32nd Vice President of the United States
- In office March 4, 1933 – January 20, 1941
- President: Franklin D. Roosevelt
- Preceded by: Charles Curtis
- Succeeded by: Henry A. Wallace

39th Speaker of the United States House of Representatives
- In office December 7, 1931 – March 3, 1933
- Preceded by: Nicholas Longworth
- Succeeded by: Henry T. Rainey

House Minority Leader
- In office March 4, 1929 – March 3, 1931
- Whip: John McDuffie
- Preceded by: Finis J. Garrett
- Succeeded by: Bertrand Snell

Leader of the House Democratic Caucus
- In office March 4, 1929 – March 3, 1933
- Preceded by: Finis J. Garrett
- Succeeded by: Henry T. Rainey

Member of the U.S. House of Representatives from Texas's 15th district
- In office March 4, 1903 – March 3, 1933
- Preceded by: Constituency established
- Succeeded by: Milton H. West

Member of the Texas House of Representatives from the 91st district
- In office January 10, 1899 – January 13, 1903
- Preceded by: Samuel Thomas Jones
- Succeeded by: Ferdinand C. Weinert

County Judge of Uvalde County, Texas
- In office 1893–1896
- Preceded by: A. V. D. Old
- Succeeded by: J. E. Cummings

Personal details
- Born: John Nance Garner III November 22, 1868 Red River County, Texas, U.S.
- Died: November 7, 1967 (aged 98) Uvalde, Texas, U.S.
- Resting place: Old Uvalde Cemetery
- Party: Democratic
- Spouse: Mariette Rheiner ​ ​(m. 1895; died 1948)​
- Children: 1
- Education: Vanderbilt University
- Occupation: Politician; lawyer;
- Signature: Cursive signature in ink

= John Nance Garner =

Vice President of the United States from 1933 to 1941

John Nance Garner III (November 22, 1868 – November 7, 1967), known among his contemporaries as "Cactus Jack", was the 32nd vice president of the United States, serving from 1933 to 1941 under President Franklin D. Roosevelt. A member of the Democratic Party, Garner served as the 39th speaker of the U.S. House of Representatives from 1931 to 1933, having been a U.S. representative from Texas from 1903 to 1933. Garner and Schuyler Colfax are the only politicians to have served as presiding officers of both chambers of the U.S. Congress as speaker of the House and vice president of the United States. He was the longest-lived vice president in U.S. history, dying at the age of 98.

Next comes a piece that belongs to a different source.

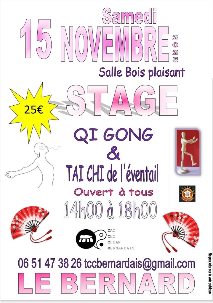 Agenda >>Loto - Concours de belote - Jeux - Atelier Stage de Qi Gong et Tai Chi l’Éventail Ouvert à tous, débutant comme confirmé. Description Venez découvrir et surtout pratiquer un QI-GONG et une forme le Tai Chi de l’éventail . Ce stage permet de découvrir d’autre forme de Qi Gon et de Tai Chi Chuan, qui ne sont pas dans nos cours hebdomadaires, de partager avec des débutants qui ne connaitrait pas notre activités Pratique Date(s) de la manifestation : Du 15/11/2025 au 15/11/2025 Horaires de la manifestation14:00 - 18:00 Vous rendre à cet endroit Adresse de l'offre : Salle Bois Plaisant21 Rue des Dolmens85560 LE BERNARD Contact : Tai Chi Chuan Bernardais 06 51 47 38 26 tccbernardais@gmail.com Agenda Loto - Concours de belote - Jeux - Atelier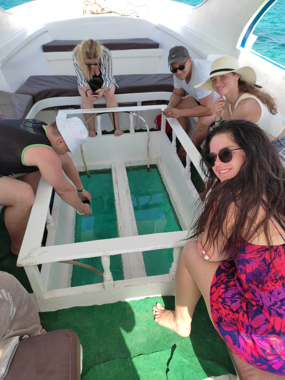 The glass boat is available for 1 to 6 persons at the same cost, and the experience includes soft drinks, transfers, and a very nice, amazing trip. You’ll have 3 hours of snorkeling and discovery of the underwater secrets with your family and kids. If you are interested in fishing, we can add that to the same trip and extend it to 4 hours at a small additional cost, creating a memorable experience in the Red Sea.

Garner began his political career as the county judge of Uvalde County, Texas. He served in the Texas House of Representatives from 1899 to 1903 and won election to represent Texas in the U.S. House of Representatives in 1902. He represented Texas's 15th congressional district from 1903 to 1933. Garner served as House Minority Leader from 1929 to 1931, and was elevated to Speaker of the House when Democrats won control of the House following special elections in 1931 (Republicans actually retained control immediately after the 1930 elections, but lost as several seats shifted parties).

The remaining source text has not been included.